In our case the flow is the number of patient's between the origin (General Practitioner) and the destination (Pharmacy). The mass of the origin is represented by the number of patients registered at that particular GP in that year (mid-year estimate). The mass of the destination is the average daytime population in 1km radius from the pharmacy. And the distance is a great circle distance between the origin and destination. All of those has been calculated previously and I'm going to bore you with it another time.
In our datasets this is;
Variable | |
---|---|
$F_{od}$ | ‘N_Items’ |
$M_o$ | ‘NUMBER_OF_PATIENTS’ |
$M_d$ | ‘Density’ |
$D_{od}$ | ‘great_circle_dist’ |
There are different spatial interaction models but for this purpose we only want to stick with the very basic form, one based on gravity model. We just need to translate the formula into an regression, Poisson regression to be more specific, because the flow is a count of the patients and skewed dis
Spatial Interaction model definition
$$F_{od} = \exp( k + \mu \ln{M_o} + \alpha \ln{M_d} − \beta \ln{ D_{od}} )$$
Where $\lambda_{od}$ is the flow from $o$ to $d$, logarithmically linked or modelled by a linear combination of the logged independent vars. $\kappa ; \mu ; \alpha$ and $\beta$ are parameters to be estimated, $M_o$ is the mass on origin, $M_d$ is the mass on destination and $D_{od}$ is the distance between origin and destination.

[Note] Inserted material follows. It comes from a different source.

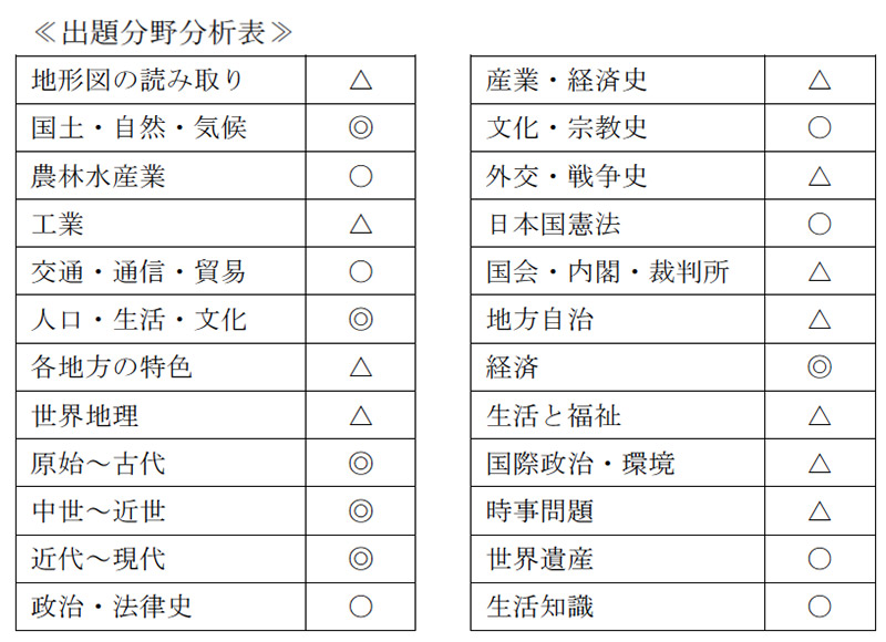 2)は宮城県宮古市を題材にした問題が出題されました。1~6までは、基本から標準レベルの問題ですので、確実に正解しておかなければなりません。また、7では、「津波に強い町」に向けた取り組みとして、2枚の地図を比べて読み取れることを記述させる問題が出題されましたが、本文中に書かれているワードと地図中の密集している住宅地がどこに建てられているのかを探して、記述をすれば良いので、さほど難しくはありません。3)は関東・中部・近畿の3地方に関する統計資料問題が出題されました。最新の統計資料を基にして問題を作成していますので、必ず目を通しておく必要があります。出題内容も2)と同様、基本から標準レベルの問題ですので、確実に正解しておかなければなりません。4)は江戸時代の幕末~昭和時代の戦後までの交通・通信を題材とした歴史問題が出題されました。5)は動物を題材とした歴史問題が出題されました。どちらも傍線部やカッコの前後にヒントとなるワードが隠されていますので、さほど難しい問題ではありません。6)は昨年実施された衆議院議員総選挙の問題が出題されました。国会・選挙に関する問題は、慶應附属校で最も出題される内容ですし、時事問題と絡めて出題されます。国会・選挙が苦手な場合は、早期に把握しておく必要があります。 以上のことから、慶應普通部の合格へのカギは、どの分野においても満遍なく対策をすること。そして、3)で出題されたように、最新の統計資料・グラフ(特に地理分野に関係するもの)なども目を通しておくことが必要です。また、慶應普通部は、他の慶應附属校の中で記述問題の出題が多いです。そのためには、普段の学習から一つの社会用語(人名・地名・出来事など)から沢山のキーワードを導き出す訓練(点と点から一つの線にする訓練)をしておきましょう。

this is in log-normal equation;
$$\ln{F_{od}} = k + \mu \ln{M_d} + \alpha \ln{M_d} − \beta \ln{ D_{od}}$$
and Poisson equation, which should have the same result;
$$F_{od} = k + \mu \ln{M_o} + \alpha \ln{M_d} − \beta \ln{ D_{od}}$$
Let's try both
- log-normal model
- Poisson model, correct definition
The XGBOOST offers
- objective = “reg:squarederror”
- objective = “count:poisson”
Note the regressor takes a all the data from data frame as they are, so we need to apply the transformations before we build to model as I understand.
# log all the variables
fl17['log_N_Items'] = np.log(fl17['N_Items'])
fl18['log_N_Items'] = np.log(fl18['N_Items'])
# log all the variables
fl17['1*great_circle_dist'] = 1*fl17['great_circle_dist']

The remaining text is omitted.